Although the jury should not be presented with evidence of the defendant's prior DUI convictions, “the indictment should put [the defendant] on notice that he is being charged with a violation of § 32-5A-191(a)(2), made a felony by § 32-5A-191(h)[, Ala.Code 1975].”   Ex parte Formby, 750 So.2d 587, 590 (Ala.1999).   Thus, because count two did not refer to the pertinent section of the DUI statute and did not put Pruitt on notice that this count was charging him with a felony, it was insufficient to charge felony DUI. However, count two was sufficient to charge misdemeanor DUI. Thus, because count two of the indictment charged Pruitt merely with misdemeanor driving under the influence of alcohol, it will not support a conviction for felony DUI.

 “Matters concerning unauthorized sentences are jurisdictional.”   Hunt v. State, 659 So.2d 998, 999 (Ala.Crim.App.1994).   Therefore, even though Pruitt did not raise the issue in the trial court, we must address his claim on appeal.   See Pender v. State, 740 So.2d 482 (Ala.Crim.App.1999).   Because count two of the indictment did not charge Pruitt with a felony, the trial court must vacate Pruitt's conviction for felony DUI. However, because this is Pruitt's fourth DUI conviction, he is eligible pursuant to § 32-5A-191(g), Ala.Code 1975, to “be punished by a fine of not less than two thousand one hundred dollars ($2,100) nor more than ten thousand one hundred dollars ($10,100) and by imprisonment, which may include hard labor, in the county or municipal jail for not less than 60 days nor more than one year.”

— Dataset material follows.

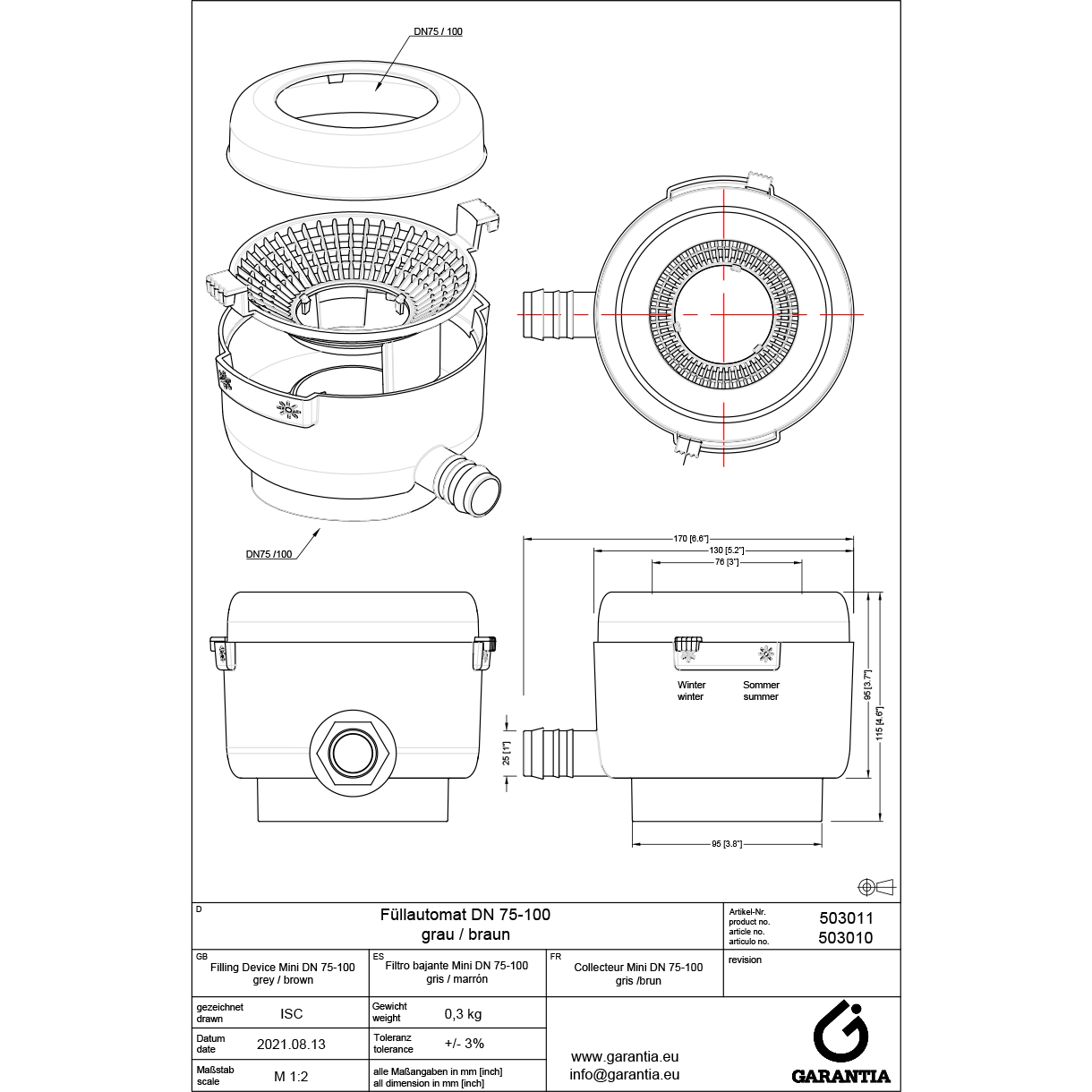 - Zalecany do zbierania wody deszczowej z dachu o powierzchni max. 50 m²

Accordingly, we remand this cause to the trial court with directions for that court to vacate Pruitt's conviction for felony DUI and to adjudge him guilty of misdemeanor DUI in accordance with count two of the indictment.   We further order the trial court to resentence Pruitt on his conviction for driving under the influence in accordance with § 32-5A-191(g), Ala.Code 1975.   Due return should be filed with this Court no later than 28 days from the date of this opinion.



1.   Pruitt did not object at the trial court and does not raise any issues concerning this fact on appeal.   However, we must note that evidence of prior DUI convictions are not to be presented to the jury.   The prior convictions are to be used-and evidence of them admitted-only during the sentencing phase.   Ex parte Parker, 740 So.2d 432 (Ala.1999).

COBB, Judge.

McMILLAN, P.J., and BASCHAB, SHAW, and WISE, JJ., concur.